Mimicking Real Users: A Simple Trick to Bypass Scraper Detection

# LOAD USER AGENTS 

with open(USER_AGENTS_PATH) as f:

   USER_AGENTS = [line.strip() for line in f if line.strip()]


"""

Load a list of user agents from a text file:


"""

When building a reliable web scraper for Macy’s women’s apparel sale section, one important challenge was making sure the scraper didn’t get blocked by the website. Websites often have systems in place to detect when a bot—rather than a real person—is trying to access their content. One common way they catch bots is by noticing if every request comes from the same browser or device again and again.


To avoid raising any red flags, we used a simple but effective trick. We gave the scraper the ability to pretend it was using different browsers. This is done using something called a user agent. Think of a user agent as a small piece of information your browser automatically sends when you visit a website. It tells the site what kind of browser you’re using (like Chrome or Firefox) and what kind of device you’re on (like a Windows laptop or an iPhone).


So, we created a plain text file that had a list of different user agent strings. Then, using Python, we read this file line by line. We cleaned up the lines—removing any empty spaces or blank lines—and stored the final list in a variable. Now, instead of always using the same user agent, our scraper randomly picks one from this list each time it sends a request. This makes it look like different people are visiting the site, which helps us stay under the radar and avoid getting blocked.

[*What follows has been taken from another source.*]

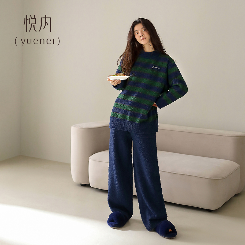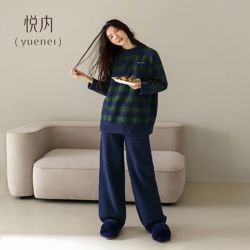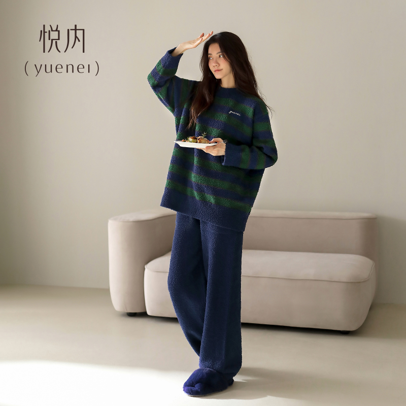毛绒软绵绵 冬天珊瑚绒保暖家居服秋冬时尚 悦内半边绒睡衣女款 冬季

Preparing the Database Table to Store and Manage Macy’s Product Links

# DB SETUP

conn = sqlite3.connect(SQLITE_PATH)

cursor = conn.cursor()

cursor.execute("""

CREATE TABLE IF NOT EXISTS product_urls (

   url TEXT PRIMARY KEY,

   processed INTEGER DEFAULT 0

)

""")

conn.commit()

"""

Set up SQLite database connection and ensure the product_urls table exists


"""

When you're trying to collect thousands of product links from a website, things can get messy really fast if you don’t have a proper system to keep track of what you've already collected. That’s where using a small, local database like SQLite comes in handy—it’s lightweight, fast, and doesn’t need any complicated setup.


In the code we’re looking at, the first thing it does is open a connection to a database file (that’s what the SQLITE_PATH is for—it simply tells the program where the database is saved). Once it’s connected, it checks whether a table named product_urls already exists inside that database. If the table isn’t there yet, it creates one with two simple columns: one called url and another called processed.

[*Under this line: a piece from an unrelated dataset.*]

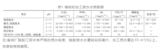 (1)咖啡清洗废水,约占比2/5,颜色灰黑色,水中含有大量灰尘、腐叶等,SS较大,有机污染物来源于腐烂、破损的咖啡豆,COD等污染物含量与循环使用次数有关,通常小于1 000mg/L;

The url column is used to store the actual product links. It’s also marked as the “primary key,” which is just a way of saying “no duplicates allowed”—if the same URL shows up twice, only the first one will be saved. The second column, processed, acts like a little flag. It keeps track of whether a link has been scraped or not. Every new link starts off as “not yet processed” (which is marked with a zero), and once the scraping is done, the status can be updated.

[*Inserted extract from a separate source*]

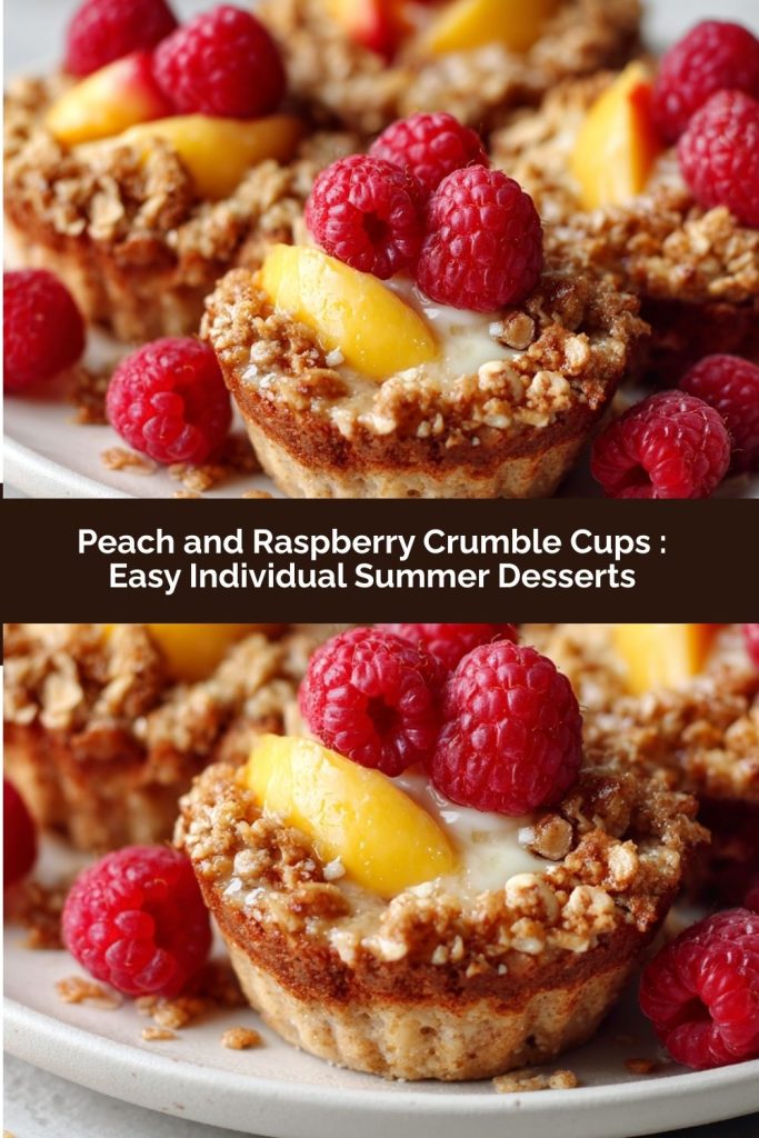 These Peach and Raspberry Crumble Cups are the perfect way to enjoy sweet summer fruit in a simple, single-serve dessert. Juicy peaches and tart raspberries are baked under a buttery oat crumble topping until golden and bubbling. They’re easy to make, naturally sweetened, and ideal for picnics, parties, or cozy nights in. Serve warm with a scoop of vanilla ice cream or yogurt for a seasonal treat everyone will love.

This setup is really helpful, especially if you’re working with a massive list. Having this database means you can stop the process midway and pick up where you left off later, without losing track or doing the same work again. Once the table is created and ready, the code saves the structure so that it’s always available during the scraping process.


Keeping It Organized: Retrieving Unprocessed Product URLs

# FETCH UNPROCESSED URLS 

def get_unprocessed_urls():

   """
   Retrieve URLs from the database that haven't been processed yet.

   """

   cursor.execute("SELECT url FROM product_urls WHERE processed = 0")

   return [row[0] for row in cursor.fetchall()]

When you're working on a task like product scraping—basically collecting information from different product pages—it’s important to keep track of where you’ve been and where you still need to go. Otherwise, you might waste time scraping the same page over and over, or miss some pages altogether. That’s where the get_unprocessed_urls function comes in. Think of it like a checklist that helps your scraper know which links are still waiting to be visited.


This function looks inside a small local database, stored using SQLite, which keeps a list of all the product URLs. Each URL in the database has a label attached to it—a flag that says whether it has been processed or not. If the flag is set to 0, it means the scraper hasn’t touched that URL yet. So, when this function runs, it quickly grabs only those untouched links from the database and hands them over as a neat list.

By using this approach, the scraper can pick up right where it left off—even if it was stopped in the middle for some reason. It avoids redoing the same work and keeps things running smoothly, especially when scraping thousands of pages. It’s a simple trick, but incredibly useful for staying organized and efficient during big scraping jobs.


Marking URLs as Done to Keep Scraping Efficient

# Mark a URL as processed

def mark_url_processed(url):

   """

   Mark a URL as processed in the database.



   """   

   cursor.execute("UPDATE product_urls SET processed = 1 WHERE url = ?", (url,))

   conn.commit()


Once a product page has been successfully scraped, the next thing we want to do is make sure we don’t scrape the same page again. That’s exactly what the mark_url_processed function helps us with. Think of it like checking off a task on a to-do list. After we’ve collected the product’s details, this function steps in and updates our local SQLite database to say, “Hey, we’ve already taken care of this one.” It does this by switching a flag in the database from 0 to 1, which simply means the URL has been processed.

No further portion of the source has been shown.